Record excerpts:
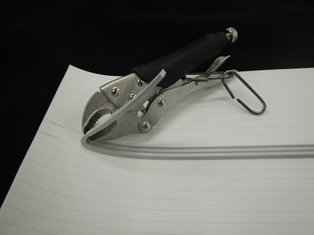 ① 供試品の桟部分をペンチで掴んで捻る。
...
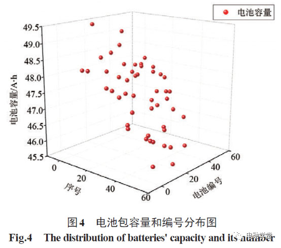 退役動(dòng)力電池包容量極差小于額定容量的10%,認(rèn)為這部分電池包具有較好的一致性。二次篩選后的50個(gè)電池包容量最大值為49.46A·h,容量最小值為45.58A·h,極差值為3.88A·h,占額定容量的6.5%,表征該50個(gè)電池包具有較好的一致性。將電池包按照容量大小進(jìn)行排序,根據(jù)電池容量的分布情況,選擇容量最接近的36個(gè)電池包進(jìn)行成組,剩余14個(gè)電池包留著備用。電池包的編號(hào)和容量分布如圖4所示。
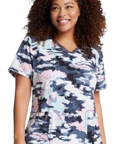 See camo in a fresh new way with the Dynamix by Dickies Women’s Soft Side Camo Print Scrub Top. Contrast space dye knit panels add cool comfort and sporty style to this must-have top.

What to produce: Everything above from the line with "退役動(dòng)力電池包容" through the line with "See camo in" should be retyped exactly, and nothing else; omit pictures.

Solution to this problem:
 退役動(dòng)力電池包容量極差小于額定容量的10%,認(rèn)為這部分電池包具有較好的一致性。二次篩選后的50個(gè)電池包容量最大值為49.46A·h,容量最小值為45.58A·h,極差值為3.88A·h,占額定容量的6.5%,表征該50個(gè)電池包具有較好的一致性。將電池包按照容量大小進(jìn)行排序,根據(jù)電池容量的分布情況,選擇容量最接近的36個(gè)電池包進(jìn)行成組,剩余14個(gè)電池包留著備用。電池包的編號(hào)和容量分布如圖4所示。
 See camo in a fresh new way with the Dynamix by Dickies Women’s Soft Side Camo Print Scrub Top. Contrast space dye knit panels add cool comfort and sporty style to this must-have top.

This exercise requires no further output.